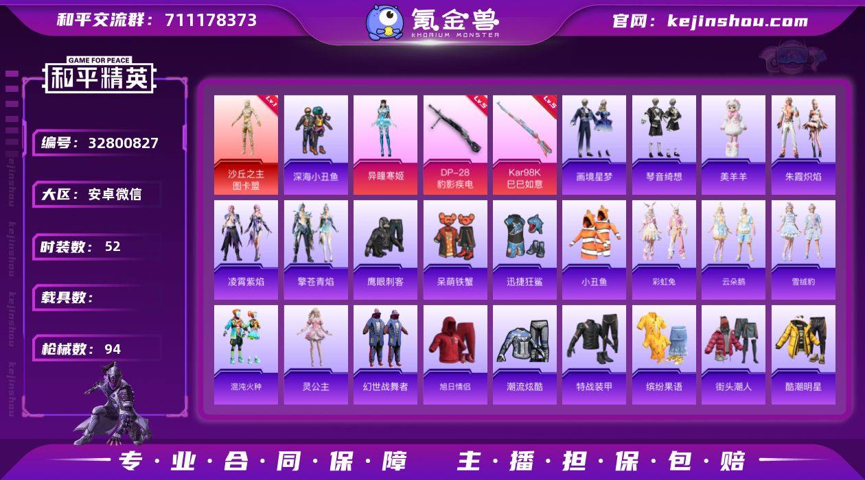 【AZH3389】安卓 微信【一级图卡盟 暮色玫影AKM】1神装-1粉装-4特效枪-0载具-3粉色飞行器-26526热力值-5王牌印记-52套装-94枪皮 【红色神装等级】:沙丘之主-图卡盟(一级) 【红色角色神装】:沙丘之主-图卡盟 【热门品类】:套装-深海小丑鱼,套装-小丑鱼 【粉色套装】:角色-异瞳寒姬 【粉色枪皮等级】:AKM-暮色玫影(三级),Kar98K-巳巳如意(五级),Mk14-福马献瑞(五级),DP-28-豹影疾电(五级) 【粉色枪皮】:AKM-暮色玫影,Kar98K-巳巳如意,Mk14-福马献瑞,DP-28-豹影疾电 【粉色飞行器】:炫彩糖果飞行器,桃源时光飞行器,暮色之舞飞行器 【粉色降落伞】:幻彩电音降落伞,双重狂想降落伞,异瞳寒姬降落伞,炫彩糖果降落伞,暮色玫影降落伞 【稀有套装】:套装-雪国风尚,套装-炫彩糖果,套装-马上有钱,套装-迅捷龙虾,套装-彩虹兔,套装-云朵鹅,套装-雪绒豹,套装-混沌火种,角色-灵公主,套装-朱霞炽焰,套装-凌霄紫焰,套装-擎苍青焰,玩偶服-美羊羊,套装-画境星梦,套装-琴音绮想,套装-雨过天青,套装-红釉青花 【稀有枪皮】:AUG-冰晶雪宝,AKM-影袭,AKM-破晓战魂,AKM-缤纷海域,AKM-龙的传人,SCAR-L-夜灯,SCAR-L-炫彩节奏,SCAR-L-红色方程式,M416-蓝色...
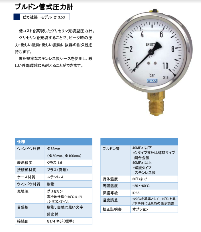 Đồng hồ đo áp suất Wika 213.53-63-10 - G1/4, dải đo 0-10 Bar, mặt
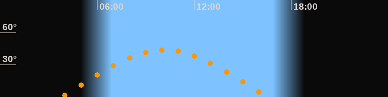 | Höchster Stand (Kulmination) | 10:09 Uhr (h = 43,7°) |
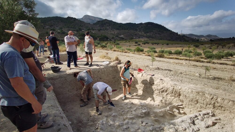 Además, los hallazgos cerámicos son del periodo andalusí que va desde finales del X hasta el s. XIII. También una punta de huso encontrada en uno de los dos sondeos, entre los derrumbes de una posible casa. Se trata de un tipo de herramienta realizada con cobre (latón o bronce) ligadas a los trabajos de hilado y muy típicas en al Andalus. También se ha documentado un suelo agrícola antiguo con surcos de arado manual, Cabe recordar que los hallazgos del Grupo Arqueológico en los años 1968-69 permitieron recuperar unas yeserías que son únicas en la provincia de Alicante y que hoy se pueden contemplar en el Museo
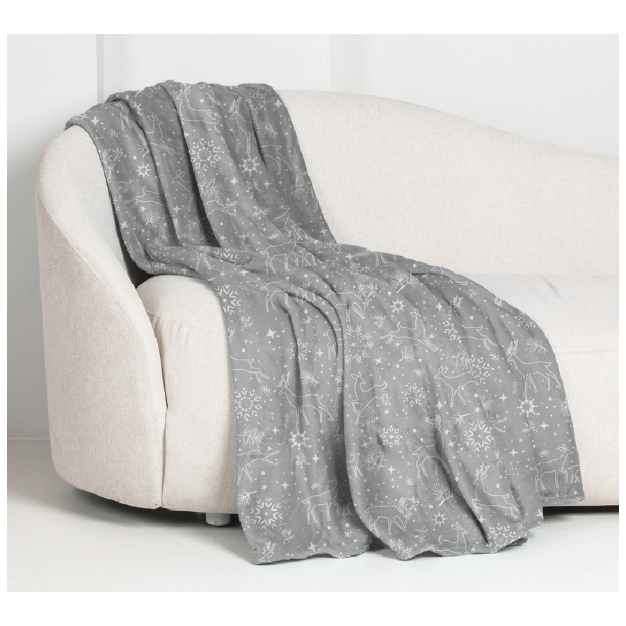 Спокойный новогодний рисунок оленей и снежинок на сером фоне дополнит любое пространство и отлично подойдет как для покупки домой, так и для подарка любимым.

The task>
The copy must begin at the line containing "Además, los hallazgos" and end at the last line of the data above, with every line retyped exactly and no pictures included.

Reply to the task>
 Además, los hallazgos cerámicos son del periodo andalusí que va desde finales del X hasta el s. XIII. También una punta de huso encontrada en uno de los dos sondeos, entre los derrumbes de una posible casa. Se trata de un tipo de herramienta realizada con cobre (latón o bronce) ligadas a los trabajos de hilado y muy típicas en al Andalus. También se ha documentado un suelo agrícola antiguo con surcos de arado manual, Cabe recordar que los hallazgos del Grupo Arqueológico en los años 1968-69 permitieron recuperar unas yeserías que son únicas en la provincia de Alicante y que hoy se pueden contemplar en el Museo
 Спокойный новогодний рисунок оленей и снежинок на сером фоне дополнит любое пространство и отлично подойдет как для покупки домой, так и для подарка любимым.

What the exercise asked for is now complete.